The photo is making it's rounds in the United States Congress as of this writing. For what purpose? One would assume that the individuals we elected feel a need to see the photo for their own personal confirmation. Like a wake at a funeral except with less crying. This is an understandable desire and one in which the President of the United States has decided the rest of us cannot have fulfilled.
One would hope that while President Obama is applying moral equivalencies to the situation that at least our own GOP would be wiser. Apparently some, like GOP House Intel Chairman Mike Rogers, are not.
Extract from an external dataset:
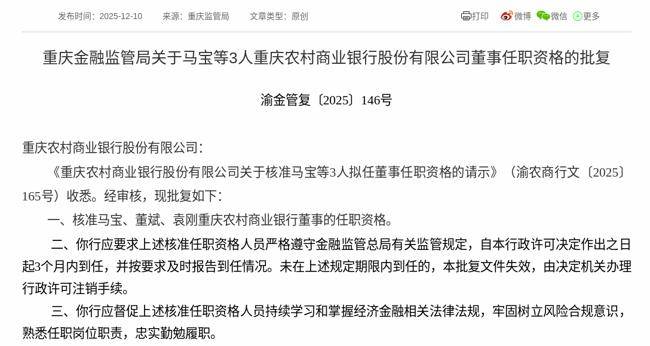 2025年12月10日,根据国家金融监督管理总局消息,《重庆农村商业银行股份有限公司关于核准马宝等3人拟任董事任职资格的请示》获得通过,批复马宝、董斌、袁刚重庆农村商业银行股份有限公司董事的任职资格。

“Imagine how the American people would react if Al Qaeda killed one of our troops or military leaders, and put photos of the body on the internet,”
Jimmie Bise has the go-to piece for taking down this flawed way of thinking.
Once again, the concern is for the enemy. No I'm not saying all Muslims are the enemy. But we've been told over and over that the moderate Muslims are on our side and just as horrified at the events of 9-11 as we are. That being the case, it should be completely understandable that we need personal confirmation and closure here, just as we understood the same about Saddam Hussein and the need for the Iraqi people to have visual confirmation.
Anyone who claims that this is some type of "death porn" desire by myself and others is missing the point. Anyone who claims that it's to settle wild conspiracy theories is purposefully distracting from the point. This is about the people in this country that have a need to see what they have been waiting 10 years to see. The orchestrator of an American nightmare dead, and no longer in a position to inflict harm on us. But more importantly, getting to literally see that justice was served.
But to this administration, and apparently to Rep. Rogers, our needs have to take a back seat. We need to make sure that the Muslims that idolized this monster get closure by providing them with a fully compliant funeral within 24 hours of the kill. The media gets their closure because their narrative is complete: President Obama succeeds where President Bush fails. The President himself gets closure because, unlike us, he saw the photo and confirmed with his own eyes and by his own adult decision to look, that Usama was dead.
But the biggest closure goes to Al Qaeda. They were able to witness an administration that is so petrified of upsetting them that they would sooner give an honorable funeral to a mass murderer than provide a simple photo to help close the darkest chapter in American history.
And I can't speak for you, but that feeling of unity I mentioned at the beginning of this writing? It's gone. And it didn't have to be.